=== Section Start ===

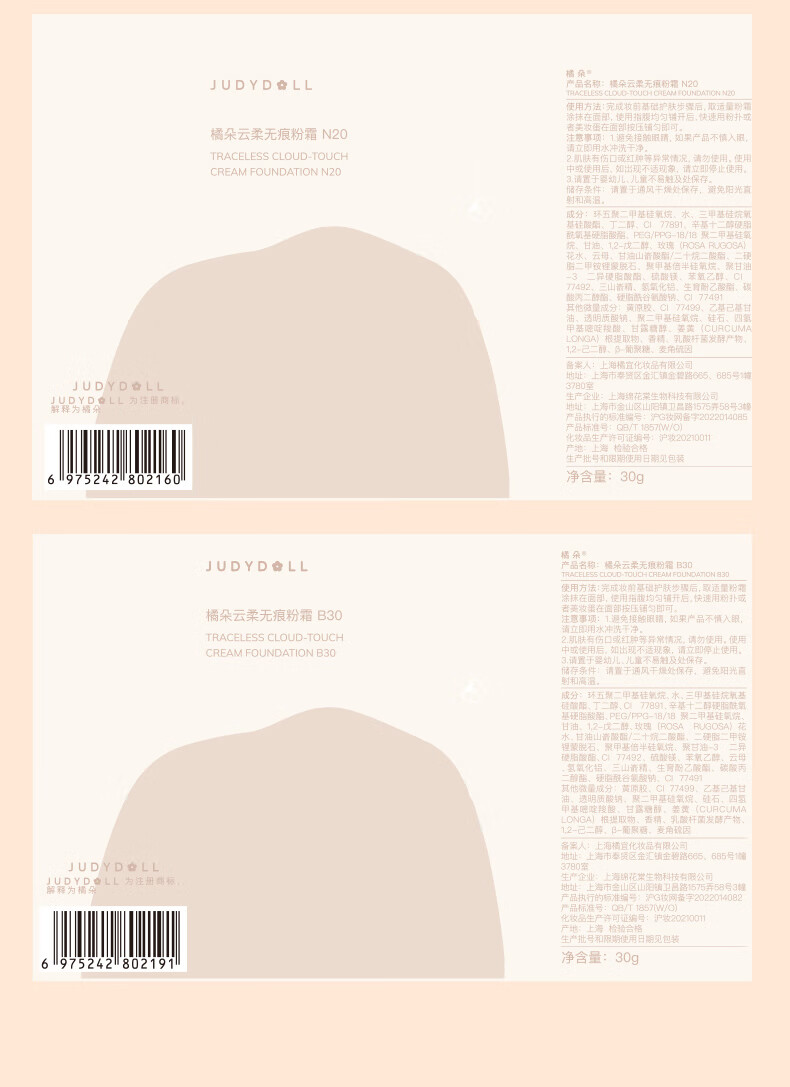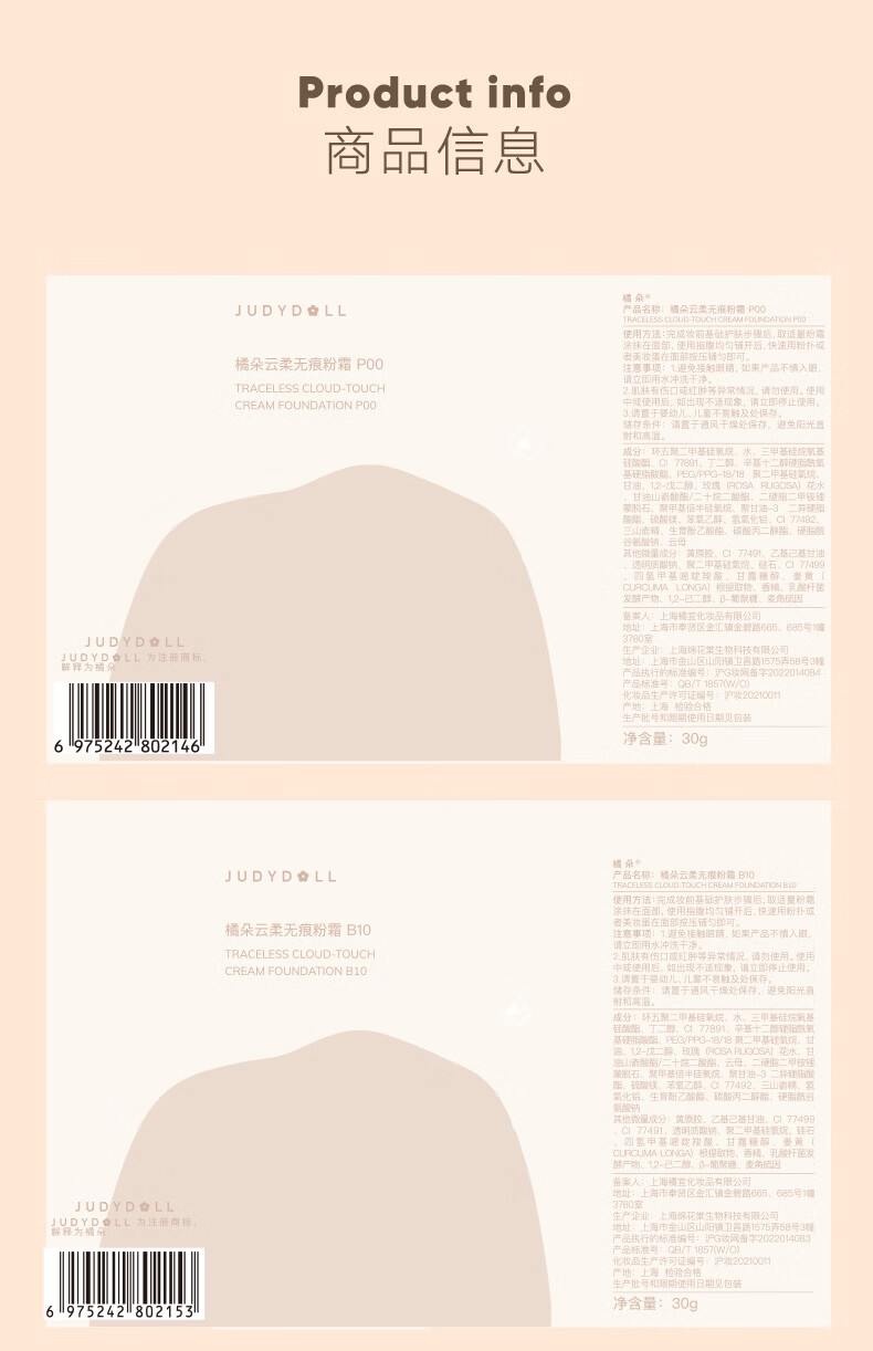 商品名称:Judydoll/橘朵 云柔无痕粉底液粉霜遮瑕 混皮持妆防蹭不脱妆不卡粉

=== Section End ===
=== Section Start ===

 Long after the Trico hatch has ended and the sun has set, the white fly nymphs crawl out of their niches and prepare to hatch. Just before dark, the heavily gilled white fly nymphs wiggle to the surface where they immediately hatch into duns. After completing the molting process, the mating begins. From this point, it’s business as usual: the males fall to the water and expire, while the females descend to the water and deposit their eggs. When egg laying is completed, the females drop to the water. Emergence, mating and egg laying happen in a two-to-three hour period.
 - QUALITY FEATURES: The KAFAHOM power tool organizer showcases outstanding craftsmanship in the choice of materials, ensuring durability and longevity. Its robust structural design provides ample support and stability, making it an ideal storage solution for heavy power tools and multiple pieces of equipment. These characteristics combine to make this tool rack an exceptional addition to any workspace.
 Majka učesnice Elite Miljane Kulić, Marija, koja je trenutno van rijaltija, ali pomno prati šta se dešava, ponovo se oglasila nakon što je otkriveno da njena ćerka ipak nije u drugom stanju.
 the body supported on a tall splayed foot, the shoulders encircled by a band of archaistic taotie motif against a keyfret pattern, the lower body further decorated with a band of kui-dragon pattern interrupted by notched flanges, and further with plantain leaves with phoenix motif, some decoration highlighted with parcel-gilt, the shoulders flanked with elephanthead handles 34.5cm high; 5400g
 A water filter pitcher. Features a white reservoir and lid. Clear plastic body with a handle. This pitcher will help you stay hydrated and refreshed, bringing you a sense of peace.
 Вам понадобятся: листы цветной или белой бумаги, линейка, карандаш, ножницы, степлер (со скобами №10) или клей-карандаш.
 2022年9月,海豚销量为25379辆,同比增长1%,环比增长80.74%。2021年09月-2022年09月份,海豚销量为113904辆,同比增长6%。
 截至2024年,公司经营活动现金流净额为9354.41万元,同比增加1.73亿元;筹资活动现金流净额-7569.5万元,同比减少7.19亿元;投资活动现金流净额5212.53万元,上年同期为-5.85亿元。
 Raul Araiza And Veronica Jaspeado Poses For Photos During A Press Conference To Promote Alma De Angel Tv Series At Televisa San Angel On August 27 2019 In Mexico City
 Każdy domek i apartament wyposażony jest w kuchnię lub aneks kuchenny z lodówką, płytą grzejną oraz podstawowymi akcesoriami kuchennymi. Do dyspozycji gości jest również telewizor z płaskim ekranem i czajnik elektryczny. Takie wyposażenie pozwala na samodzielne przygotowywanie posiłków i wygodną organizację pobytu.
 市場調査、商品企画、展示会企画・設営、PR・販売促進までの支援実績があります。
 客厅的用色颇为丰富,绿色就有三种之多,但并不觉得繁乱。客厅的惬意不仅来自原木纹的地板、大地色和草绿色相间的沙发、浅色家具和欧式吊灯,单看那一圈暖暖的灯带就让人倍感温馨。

=== Section End ===

## [WHAT THE TASK REQUIRES]
Everything above from the line containing "- QUALITY FEATURES: The" down to the line containing "Majka učesnice Elite" is to be transcribed exactly, with both of those lines included and nothing else added.

## [SOLUTION TO THE EXERCISE]
 - QUALITY FEATURES: The KAFAHOM power tool organizer showcases outstanding craftsmanship in the choice of materials, ensuring durability and longevity. Its robust structural design provides ample support and stability, making it an ideal storage solution for heavy power tools and multiple pieces of equipment. These characteristics combine to make this tool rack an exceptional addition to any workspace.
 Majka učesnice Elite Miljane Kulić, Marija, koja je trenutno van rijaltija, ali pomno prati šta se dešava, ponovo se oglasila nakon što je otkriveno da njena ćerka ipak nije u drugom stanju.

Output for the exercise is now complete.